Extracted information:
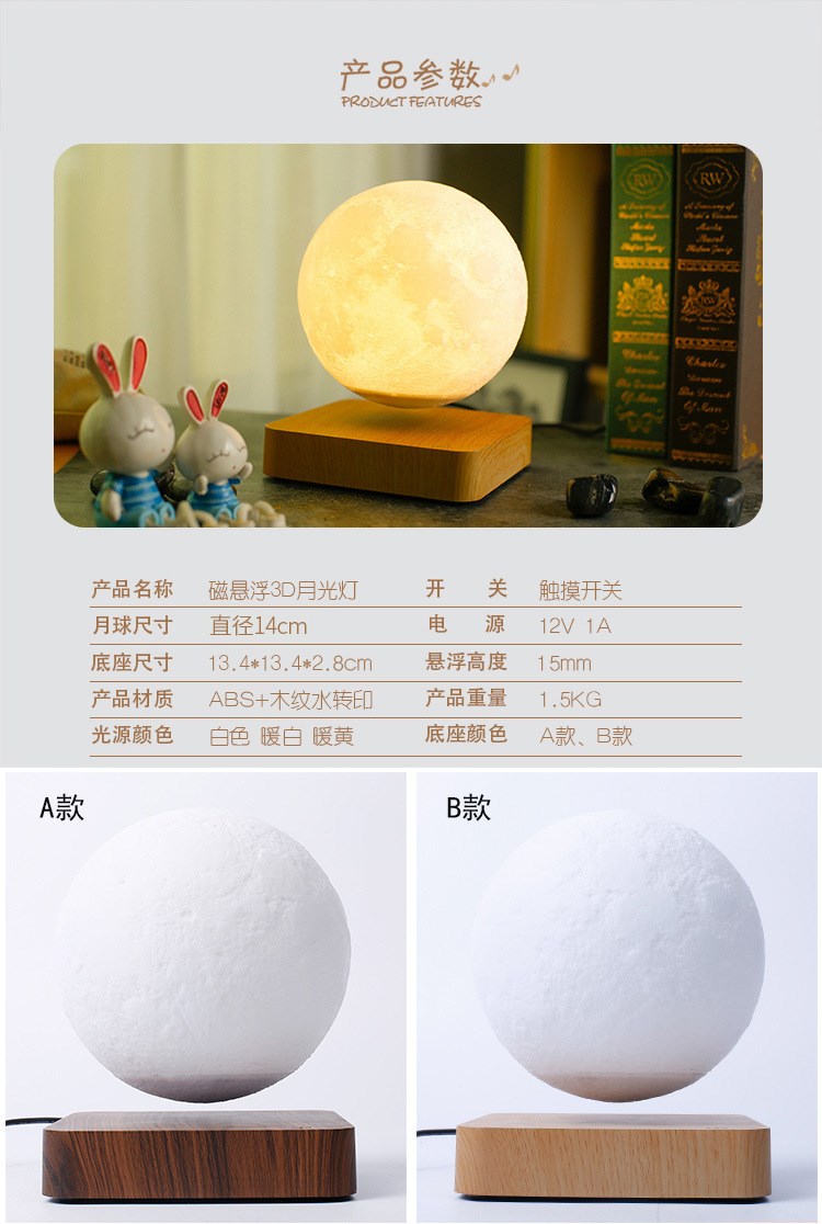Магнитная левитация, луна, атмосферный креативный ночник для спальни, настольная лампа, 3D, подарок на день рождения
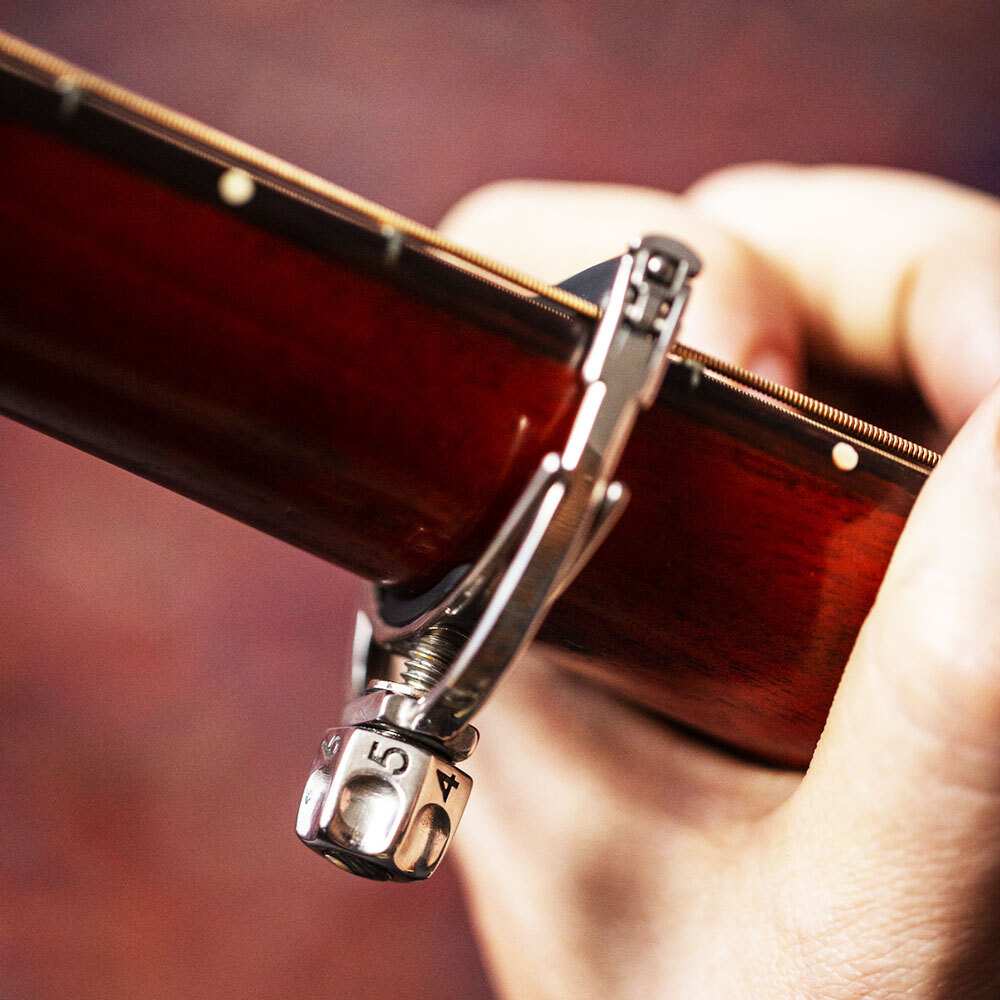 - Its innovative adjusting knob makes it the most ergonomic screw-operated capo.
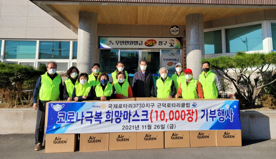 [강원사회복지신문 김종한 기자]=삼척근덕로타리(회장 김영우)에서는 지난 11월 26일 삼척시 근덕면행정복지센터를 방문해 코로나 극복 희망마스크 10,000장을 직접 전달해 이웃들에게 따뜻한 사랑과 나눔을 실천했다.
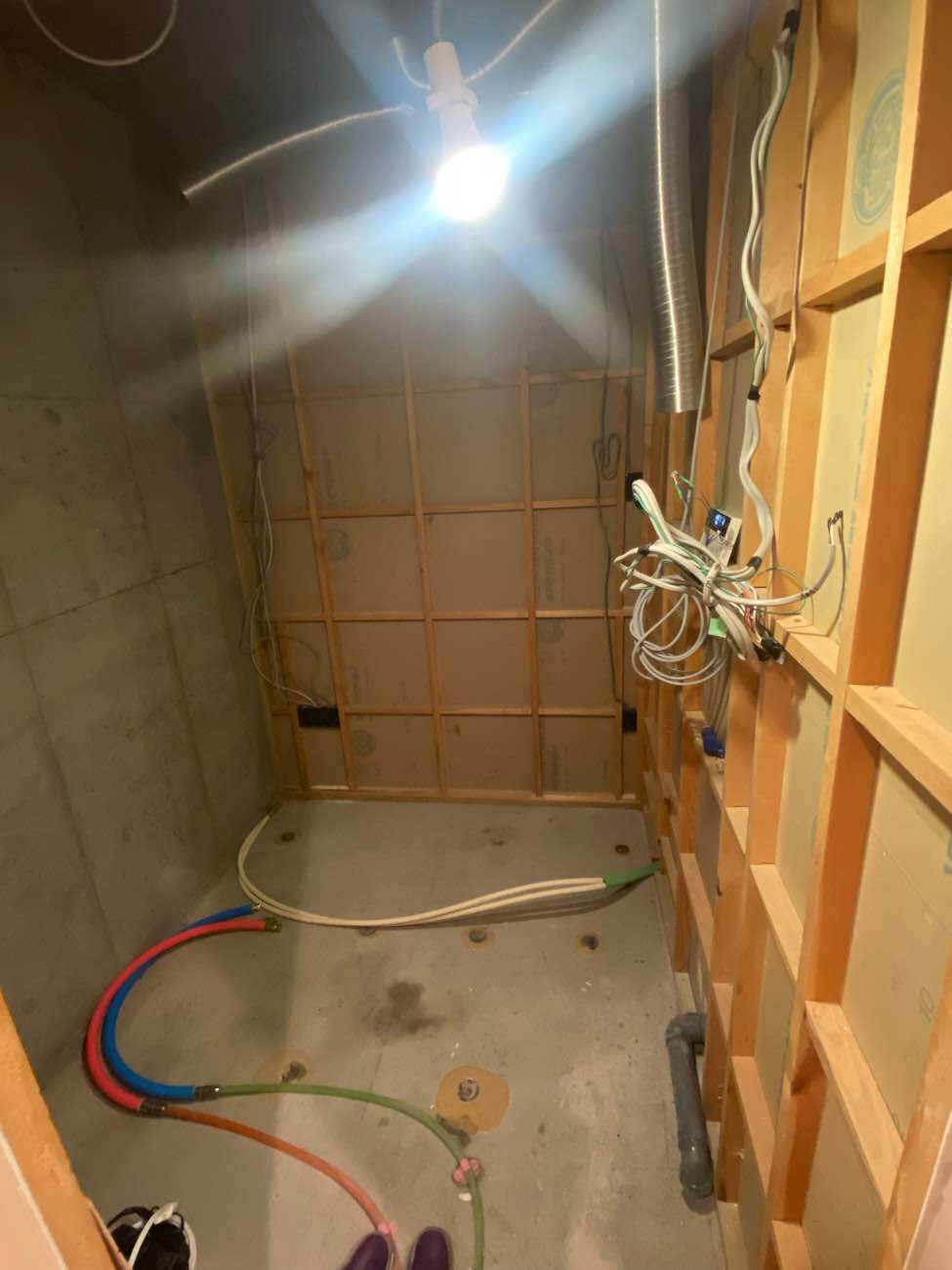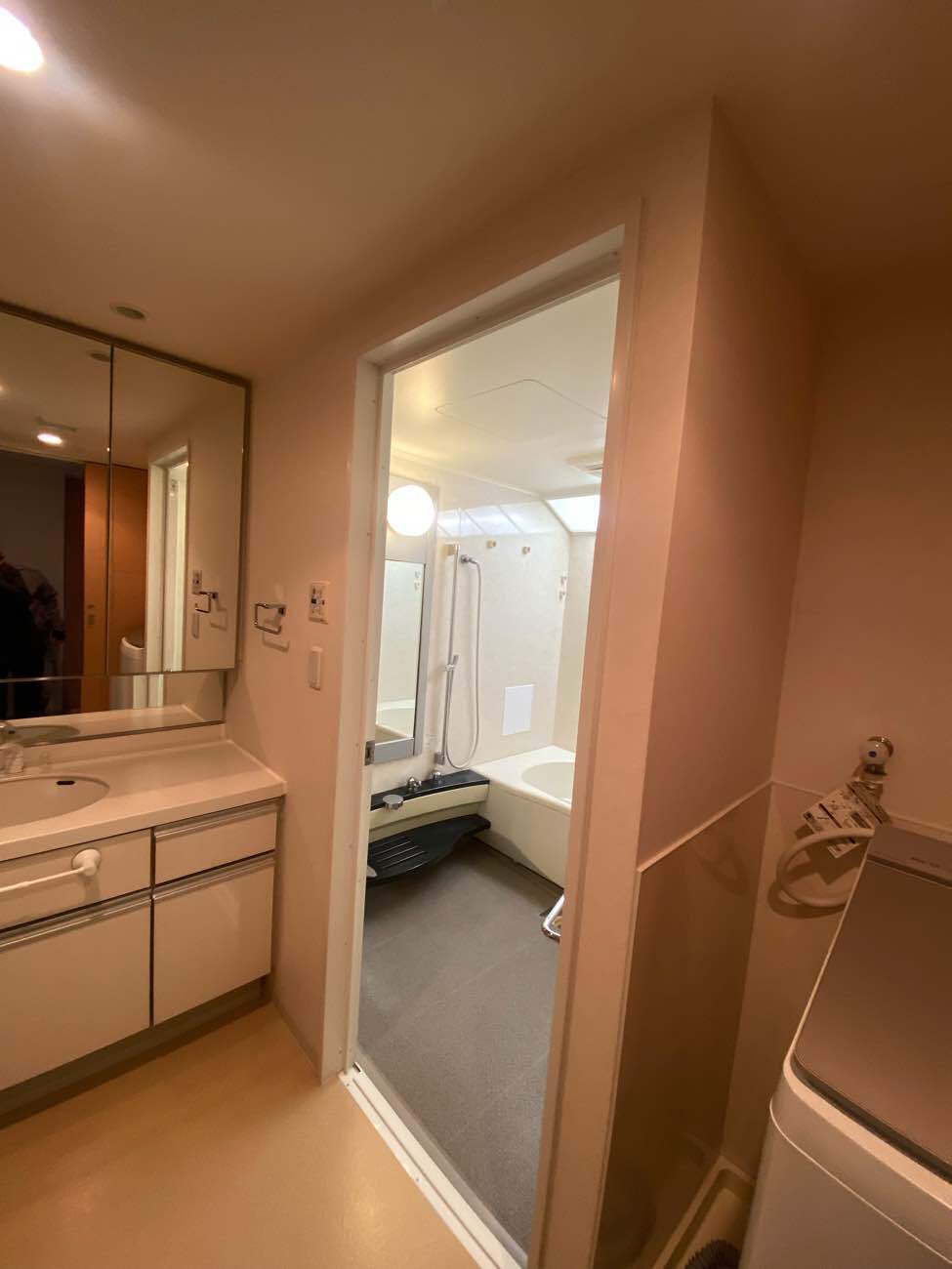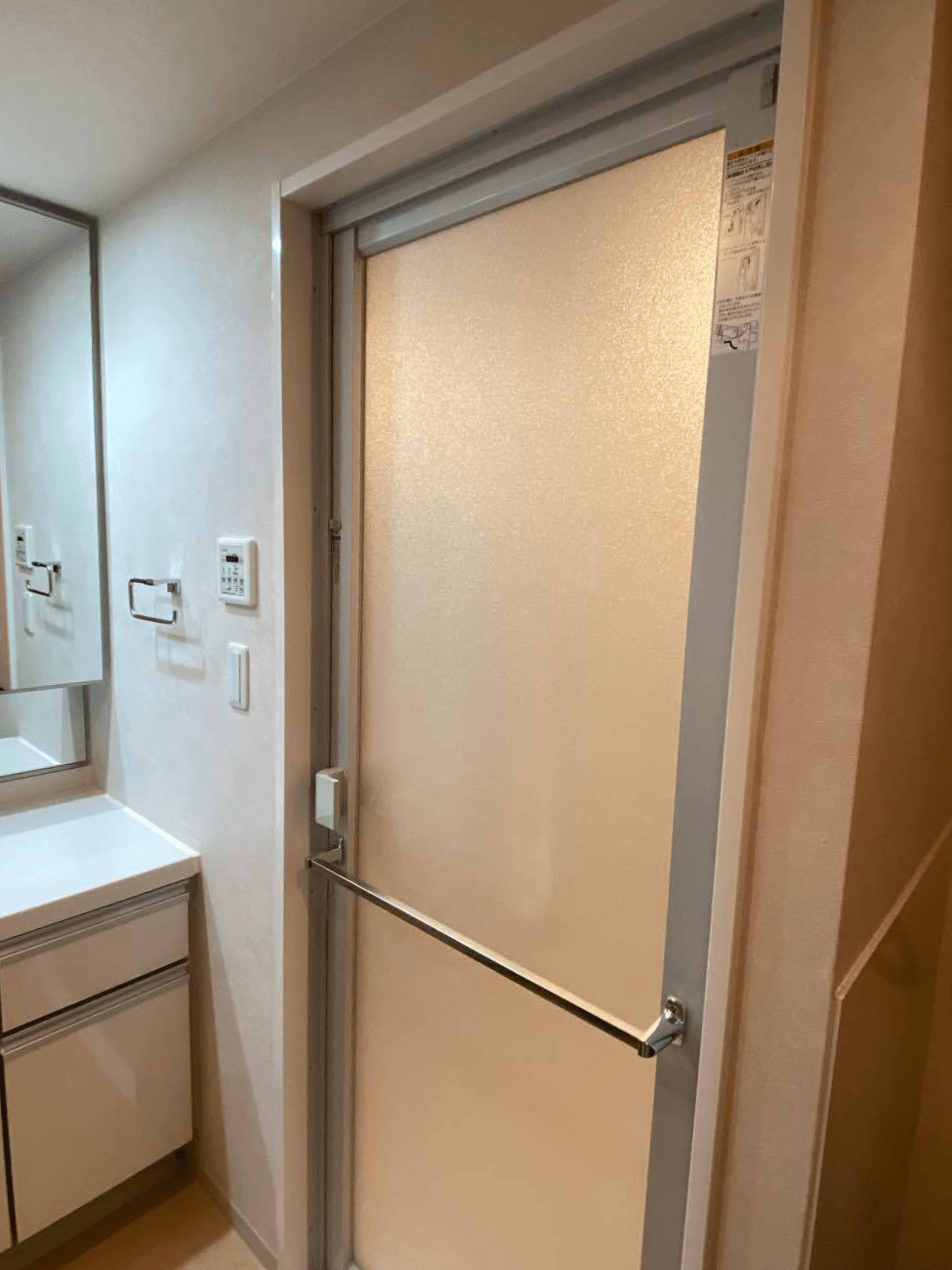 カタログだけではわからない質感や使い勝手等をショールームでは体験することができます。気に入られたカウンターが取り外しできることも体験していただき、「今の浴室のカウンターは床と近い距離に設置されていて、カウンター裏の掃除が本当にしくにいので取り外せるカウンターすごくいいです!」と仰っていました。壁パネルの色や柄は展示されていた【ヘリンボーンミント】を気に入られ、同じ組み合わせでセレクト。また、浴室の扉が設置されている壁は、扉を撤去することで元々のクロスが痛みます。そのため、浴室扉が設置されている面のみクロスを貼り替えました。
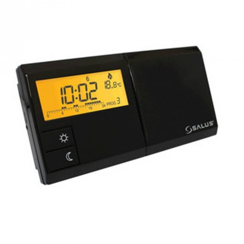 Недельный проводной программатор Salus 091FLPB черный - недельный программатор, который позволяет задать два уровня температуры: "экономный" и "комфортный" в диапазоне от +5 до +30°C с шагом 0,2°C. На каждый день недели присваивается своя программа (таймер), в которой назначаются временные периоды кратные 1 часу для поддержания либо "экономного", либо "комфортного" режимов. Т.о. теоретически можно переключаться до 24 раз в сутки или до 168 раз в неделю. На любой день недели можно задать одну из 9 программ (из них 6 заводских, т.е. "жестко" прописанных изготовителем и 3 пользовательских, которые можно настраивать по своему усмотрению). Терморегулятор имеет "сухие" контакты реле. Производитель предлагает эту же модель в черном цвете
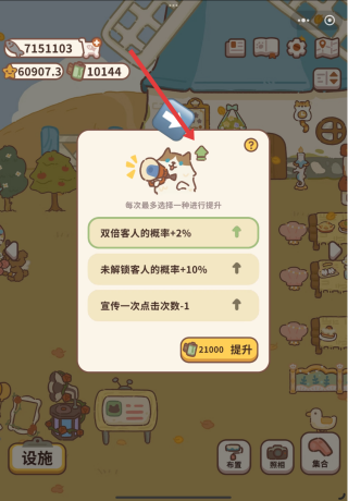 2、点击设施后会弹出相关提升选项界面,每次最多选择一种进行提升,点击提升按钮来强化对应属性。
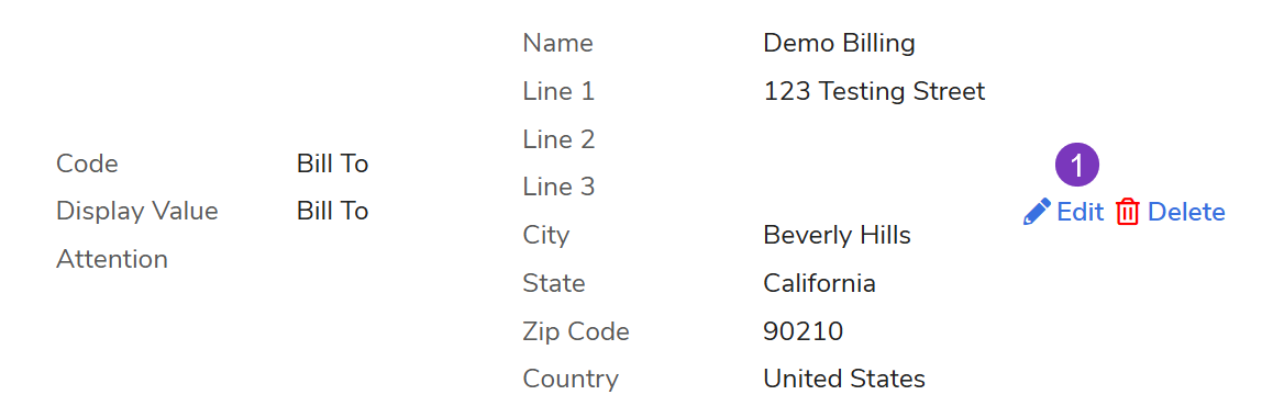To Delete: Locate the address in the Billing or Shipping tab and select Delete.
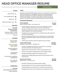 If you’d like to work as a front office manager, you’ll need a resume like this example:

Work item: Extract, word for word, each line from the top of the data down to and including the line with "カタログだけではわからない質"; skip the pictures.

Solution for this problem:
Магнитная левитация, луна, атмосферный креативный ночник для спальни, настольная лампа, 3D, подарок на день рождения
 - Its innovative adjusting knob makes it the most ergonomic screw-operated capo.
 [강원사회복지신문 김종한 기자]=삼척근덕로타리(회장 김영우)에서는 지난 11월 26일 삼척시 근덕면행정복지센터를 방문해 코로나 극복 희망마스크 10,000장을 직접 전달해 이웃들에게 따뜻한 사랑과 나눔을 실천했다.
 カタログだけではわからない質感や使い勝手等をショールームでは体験することができます。気に入られたカウンターが取り外しできることも体験していただき、「今の浴室のカウンターは床と近い距離に設置されていて、カウンター裏の掃除が本当にしくにいので取り外せるカウンターすごくいいです!」と仰っていました。壁パネルの色や柄は展示されていた【ヘリンボーンミント】を気に入られ、同じ組み合わせでセレクト。また、浴室の扉が設置されている壁は、扉を撤去することで元々のクロスが痛みます。そのため、浴室扉が設置されている面のみクロスを貼り替えました。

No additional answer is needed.